[The input — start]

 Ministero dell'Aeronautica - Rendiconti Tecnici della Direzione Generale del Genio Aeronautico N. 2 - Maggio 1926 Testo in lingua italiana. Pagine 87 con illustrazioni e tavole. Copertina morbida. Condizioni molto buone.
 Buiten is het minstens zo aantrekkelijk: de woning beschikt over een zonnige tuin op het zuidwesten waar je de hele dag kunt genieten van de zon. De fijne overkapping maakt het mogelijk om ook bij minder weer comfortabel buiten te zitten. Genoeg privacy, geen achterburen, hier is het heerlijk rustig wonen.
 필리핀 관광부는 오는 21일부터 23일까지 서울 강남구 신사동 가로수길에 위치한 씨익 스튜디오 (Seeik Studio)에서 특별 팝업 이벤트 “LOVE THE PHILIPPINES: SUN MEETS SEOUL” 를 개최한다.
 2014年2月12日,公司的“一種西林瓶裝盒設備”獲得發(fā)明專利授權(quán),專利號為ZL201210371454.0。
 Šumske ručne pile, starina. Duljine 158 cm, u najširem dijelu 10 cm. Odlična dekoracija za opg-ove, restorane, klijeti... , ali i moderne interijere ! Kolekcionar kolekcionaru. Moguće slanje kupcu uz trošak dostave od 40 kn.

[The input — finish]
[The input — start]

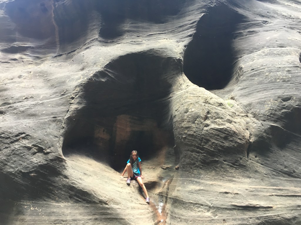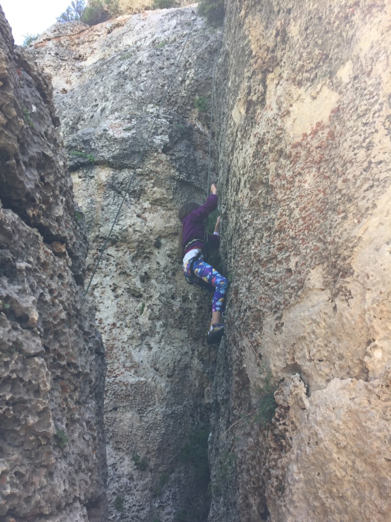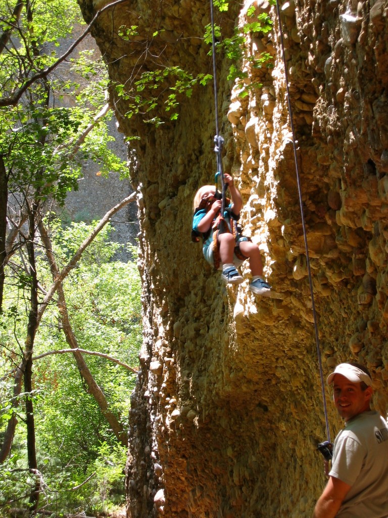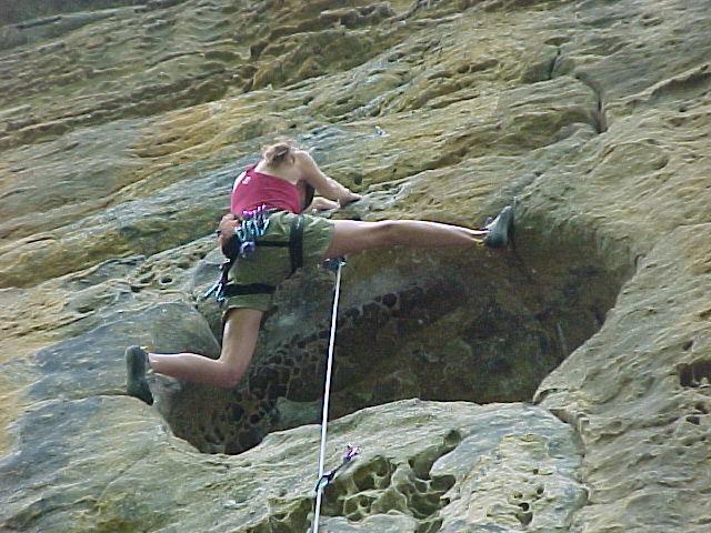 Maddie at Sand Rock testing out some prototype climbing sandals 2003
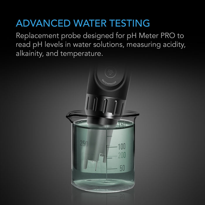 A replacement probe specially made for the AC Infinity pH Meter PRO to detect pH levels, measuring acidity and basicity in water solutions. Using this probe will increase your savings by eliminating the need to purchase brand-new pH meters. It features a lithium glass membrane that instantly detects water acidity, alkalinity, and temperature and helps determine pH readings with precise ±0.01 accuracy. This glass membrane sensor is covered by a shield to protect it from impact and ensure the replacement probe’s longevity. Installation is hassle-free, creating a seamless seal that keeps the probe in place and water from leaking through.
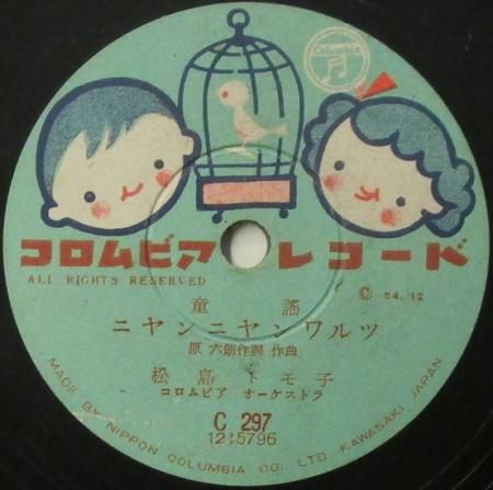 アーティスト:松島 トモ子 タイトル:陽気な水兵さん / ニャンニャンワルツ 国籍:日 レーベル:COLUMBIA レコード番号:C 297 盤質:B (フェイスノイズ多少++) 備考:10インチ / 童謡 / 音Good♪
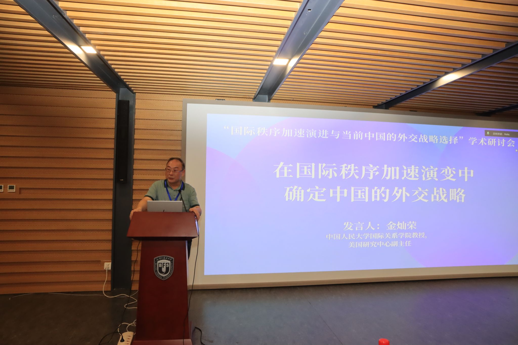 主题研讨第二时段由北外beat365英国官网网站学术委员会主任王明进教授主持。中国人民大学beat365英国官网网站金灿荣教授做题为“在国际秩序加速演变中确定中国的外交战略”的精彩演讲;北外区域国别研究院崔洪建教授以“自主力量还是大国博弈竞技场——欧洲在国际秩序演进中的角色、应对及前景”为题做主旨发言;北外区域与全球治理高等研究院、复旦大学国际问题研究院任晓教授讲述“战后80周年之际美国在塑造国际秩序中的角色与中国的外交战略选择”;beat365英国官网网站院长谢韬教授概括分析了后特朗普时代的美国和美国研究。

[The input — finish]

### Exercise goal
When the line with "Ministero dell'Aeronautica - Rendiconti" is reached in the data above, begin copying, and stop after the line with "Šumske ručne pile, starina."; copy each line exactly, both ends included.

### Result of the exercise
 Ministero dell'Aeronautica - Rendiconti Tecnici della Direzione Generale del Genio Aeronautico N. 2 - Maggio 1926 Testo in lingua italiana. Pagine 87 con illustrazioni e tavole. Copertina morbida. Condizioni molto buone.
 Buiten is het minstens zo aantrekkelijk: de woning beschikt over een zonnige tuin op het zuidwesten waar je de hele dag kunt genieten van de zon. De fijne overkapping maakt het mogelijk om ook bij minder weer comfortabel buiten te zitten. Genoeg privacy, geen achterburen, hier is het heerlijk rustig wonen.
 필리핀 관광부는 오는 21일부터 23일까지 서울 강남구 신사동 가로수길에 위치한 씨익 스튜디오 (Seeik Studio)에서 특별 팝업 이벤트 “LOVE THE PHILIPPINES: SUN MEETS SEOUL” 를 개최한다.
 2014年2月12日,公司的“一種西林瓶裝盒設備”獲得發(fā)明專利授權(quán),專利號為ZL201210371454.0。
 Šumske ručne pile, starina. Duljine 158 cm, u najširem dijelu 10 cm. Odlična dekoracija za opg-ove, restorane, klijeti... , ali i moderne interijere ! Kolekcionar kolekcionaru. Moguće slanje kupcu uz trošak dostave od 40 kn.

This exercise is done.